*** Record set ***

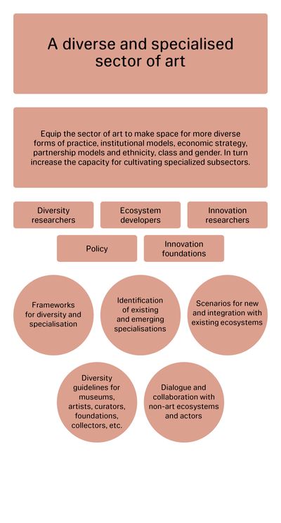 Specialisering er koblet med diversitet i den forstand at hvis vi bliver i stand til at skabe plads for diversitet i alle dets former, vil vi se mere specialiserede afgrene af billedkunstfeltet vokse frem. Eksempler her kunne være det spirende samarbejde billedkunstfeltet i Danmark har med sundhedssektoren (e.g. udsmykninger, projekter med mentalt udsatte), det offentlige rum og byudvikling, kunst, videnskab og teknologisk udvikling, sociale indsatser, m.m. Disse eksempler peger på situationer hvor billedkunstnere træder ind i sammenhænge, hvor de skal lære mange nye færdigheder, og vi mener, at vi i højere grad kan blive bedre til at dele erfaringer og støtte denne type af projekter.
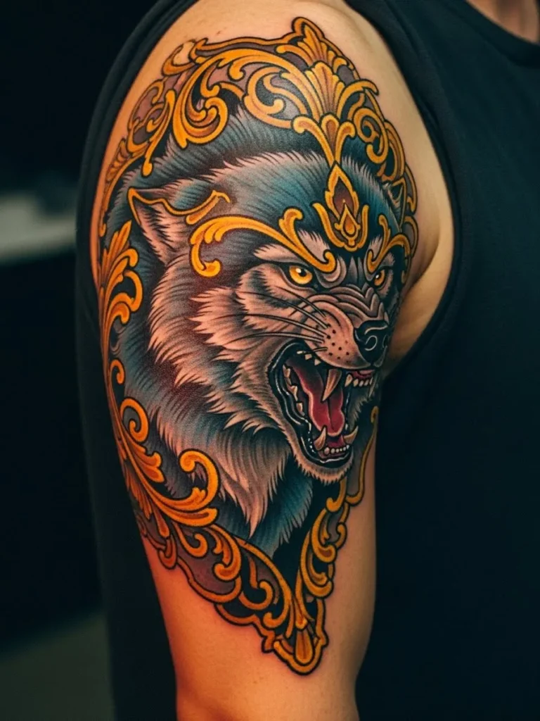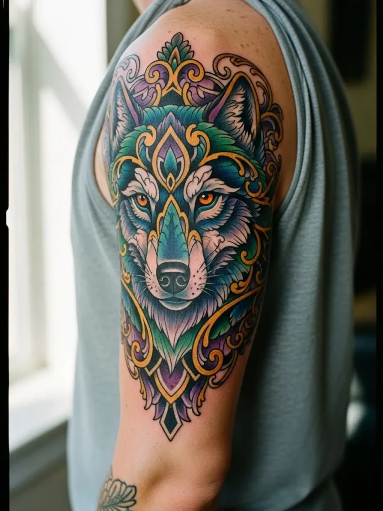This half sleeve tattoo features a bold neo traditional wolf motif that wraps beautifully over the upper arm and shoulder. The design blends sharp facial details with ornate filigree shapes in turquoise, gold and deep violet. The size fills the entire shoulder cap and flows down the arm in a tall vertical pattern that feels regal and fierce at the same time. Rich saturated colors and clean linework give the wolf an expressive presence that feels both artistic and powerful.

*** End of Record set ***
*** Record set ***

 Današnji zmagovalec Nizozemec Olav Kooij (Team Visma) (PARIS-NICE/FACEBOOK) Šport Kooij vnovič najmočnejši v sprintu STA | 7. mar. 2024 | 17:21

*** End of Record set ***

"Specialisering er koblet" marks the first line to copy, and "This half sleeve" marks the last. Repeat that stretch above exactly, with no pictures.

 Specialisering er koblet med diversitet i den forstand at hvis vi bliver i stand til at skabe plads for diversitet i alle dets former, vil vi se mere specialiserede afgrene af billedkunstfeltet vokse frem. Eksempler her kunne være det spirende samarbejde billedkunstfeltet i Danmark har med sundhedssektoren (e.g. udsmykninger, projekter med mentalt udsatte), det offentlige rum og byudvikling, kunst, videnskab og teknologisk udvikling, sociale indsatser, m.m. Disse eksempler peger på situationer hvor billedkunstnere træder ind i sammenhænge, hvor de skal lære mange nye færdigheder, og vi mener, at vi i højere grad kan blive bedre til at dele erfaringer og støtte denne type af projekter.
This half sleeve tattoo features a bold neo traditional wolf motif that wraps beautifully over the upper arm and shoulder. The design blends sharp facial details with ornate filigree shapes in turquoise, gold and deep violet. The size fills the entire shoulder cap and flows down the arm in a tall vertical pattern that feels regal and fierce at the same time. Rich saturated colors and clean linework give the wolf an expressive presence that feels both artistic and powerful.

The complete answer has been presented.